Association of Cord Blood Total Protein and Albumin Levels with Respiratory Distress Syndrome

Document Type : Original Article


1 Isfahan Faculty of Medicine, Division of Neonatology, Department of Pediatrics, Child Growth and Development Research Center, Research Institute for Primordial Prevention of Non-communicable Disease, Isfahan University of Medical Sciences, Isfahan, Iran

2 Division of Neonatology, Department of Pediatrics, Child Growth and Development Research Center, Isfahan University of Medical Sciences, Isfahan, Iran

3 Faculty of Medicine, Department of Statistics, Isfahan University of Medical Sciences, Isfahan, Iran

4 Faculty of Medicine, Isfahan University of Medical Sciences, Isfahan, Iran


Background: Respiratory distress syndrome (RDS) is one of the major causes of morbidity and mortality in preterm newborns. The severity and treatment of RDS affect the outcomes of premature neonates in neonatal intensive care units. Some studies have claimed that hypoalbuminemia and hypoproteinemia are associated with poorer outcomes in preterm neonates. The current study aimed to assess the association of serum total protein and albumin with the presentation of RDS among this group of newborns.
Methods: This cross-sectional study was carried out on a total of 100 preterm newborns. The study population included a control group of healthy neonates (n=50) and case group of newborns diagnosed with RDS (n=50). For each neonate, a 2 ml sample of the arterial blood was taken from the umbilical artery, and laboratory indices, including total serum protein and albumin, were measured. Statistical analysis was conducted to compare potential variations between the samples of the healthy and RDS groups.
Results: According to the obtained findings, no statistical difference was observed between the healthy and RDS preterm neonates regarding total protein (P=0.16) and serum albumin (P=0.27) levels.

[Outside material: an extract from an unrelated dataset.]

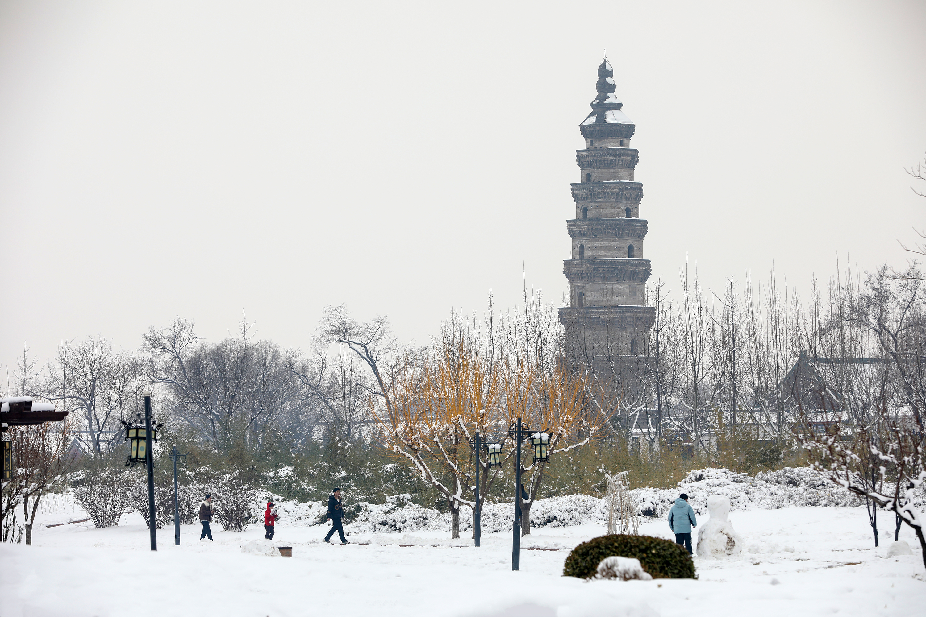 清晨起,市民们纷纷走进公园,尽享雪后乐趣。家长带着孩子堆雪人、打雪仗,欢声笑语此起彼伏;有市民骑行在雪后步道,感受冬日运动的畅快;摄影爱好者则举着相机,聚焦宝云塔雪景,定格这份冬日美好。

Total serum protein and albumin were not affected by the newborn’s birth weight and gender (P>0.05) among both the healthy preterm neonates and those with RDS. However, a significant association was observed regarding gestational age (P<0.05) for both the healthy and RDS neonates and maternal age for the healthy neonates only (P<0.05).
Conclusion: No difference was observed in total serum protein and albumin levels between the healthy preterm neonates and those with RDS. Furthermore, total serum protein and albumin levels were not affected by gender, birth weight, and maternal age among the RDS patients. However, they were directly associated with the gestational age at the time of birth in both the RDS and healthy groups.